*TASK PROMPT*.
The response should be an exact transcription of the data below, free of images.
START GIVEN DATA
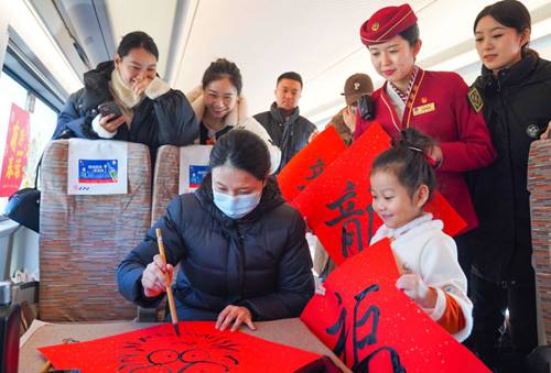 津興城際G8844次列車上,旅客現(xiàn)場手寫書法福字、畫龍頭。(中國鐵路北京局集團有限公司供圖)
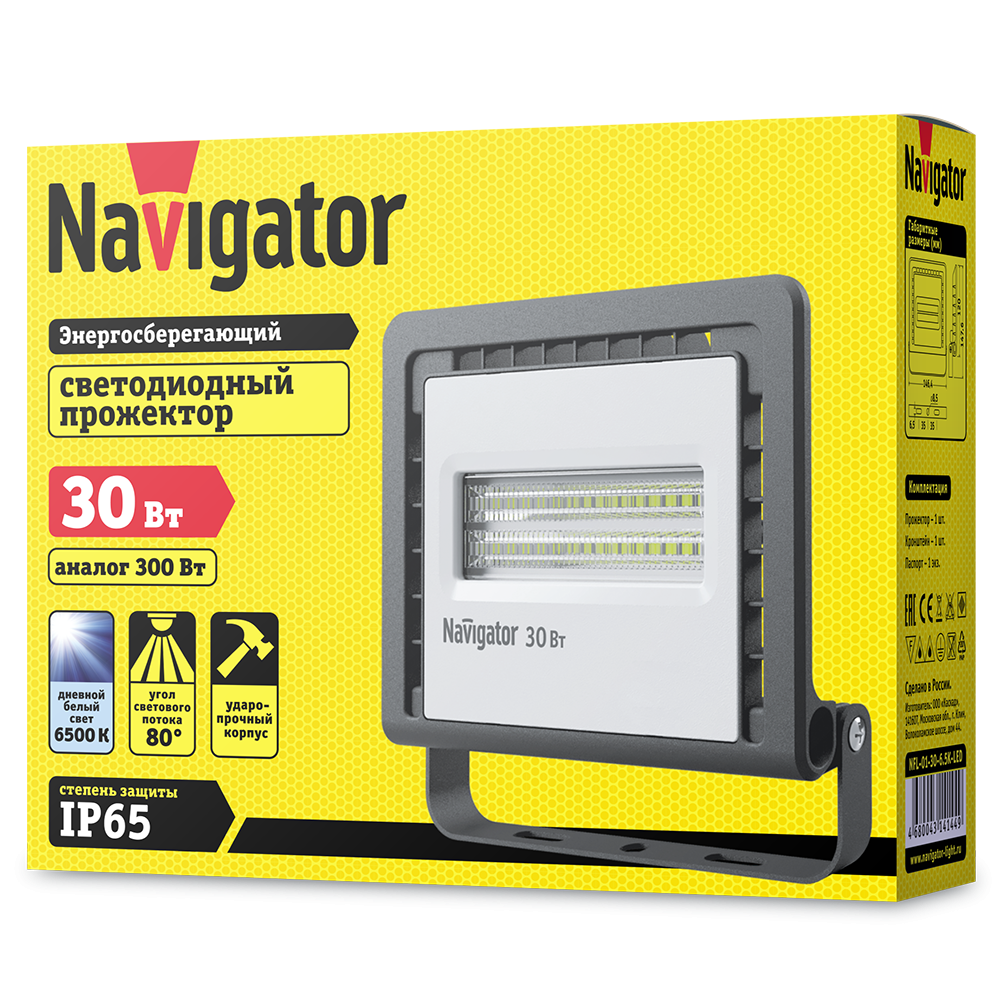 Прожектор 30W 2400Lm 6500K NFL-01-30-6.5K-IP65-LED Navigator (1/48)
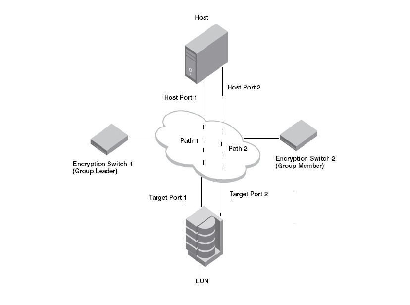 a dual-port host. The two encryption switches form an encryption group and an HA cluster. The
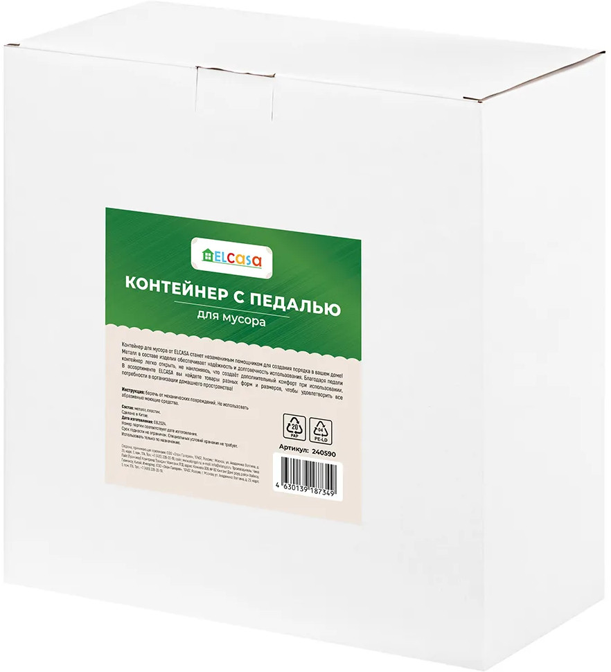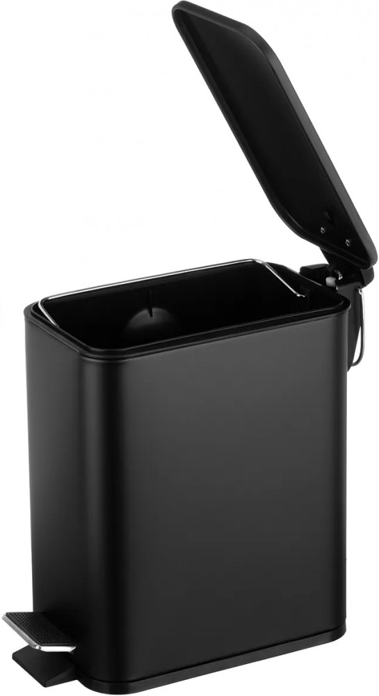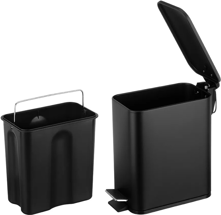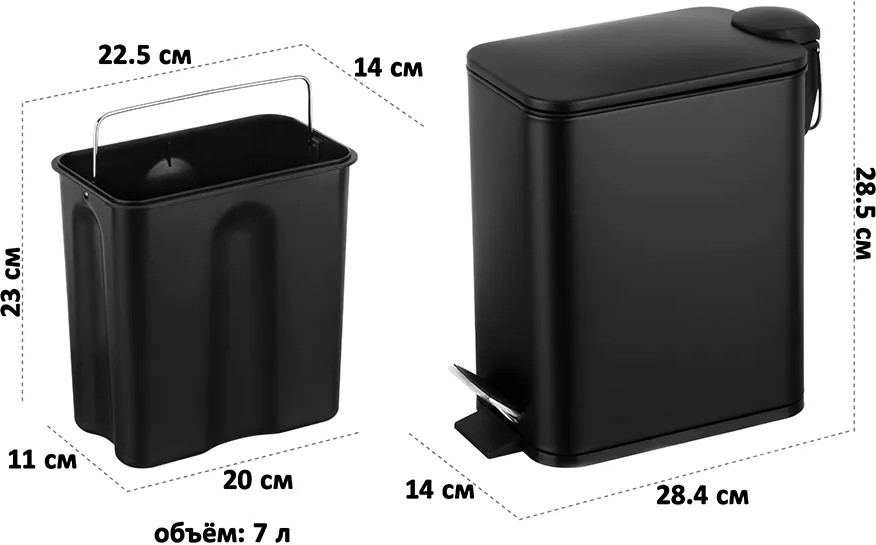 Прямоугольный контейнер для мусора от бренда El Casa предназначен для организации порядка в вашем доме, например, в комнате или на кухне. Имеет матовую поверхность. Урна оснащена крышкой — она не пропустит запахов и не допустит выпадения мусора. Крышка с микролифтом плавно закрывается без резкого звука. Размер изделия — 28.4×14×28.5 см, объём — 7 литров. Внешняя ёмкость чёрного цвета выполнена из металла, имеет внутри чёрное пластиковое ведро размером 22.5×14×23 см. Размер дна ведёрка 20×11.5 см. Крышечка открывается педальным механизмом. Педаль легко нажать — вам не потребуется прикладывать усилий. Внутреннее и внешнее ведро мусорной корзины оснащены металлическими ручками, благодаря чему каждый элемент будет удобен для переноски.
END GIVEN DATA
*ANSWER TO THIS TASK*.
 津興城際G8844次列車上,旅客現(xiàn)場手寫書法福字、畫龍頭。(中國鐵路北京局集團有限公司供圖)
 Прожектор 30W 2400Lm 6500K NFL-01-30-6.5K-IP65-LED Navigator (1/48)
 a dual-port host. The two encryption switches form an encryption group and an HA cluster. The
 Прямоугольный контейнер для мусора от бренда El Casa предназначен для организации порядка в вашем доме, например, в комнате или на кухне. Имеет матовую поверхность. Урна оснащена крышкой — она не пропустит запахов и не допустит выпадения мусора. Крышка с микролифтом плавно закрывается без резкого звука. Размер изделия — 28.4×14×28.5 см, объём — 7 литров. Внешняя ёмкость чёрного цвета выполнена из металла, имеет внутри чёрное пластиковое ведро размером 22.5×14×23 см. Размер дна ведёрка 20×11.5 см. Крышечка открывается педальным механизмом. Педаль легко нажать — вам не потребуется прикладывать усилий. Внутреннее и внешнее ведро мусорной корзины оснащены металлическими ручками, благодаря чему каждый элемент будет удобен для переноски.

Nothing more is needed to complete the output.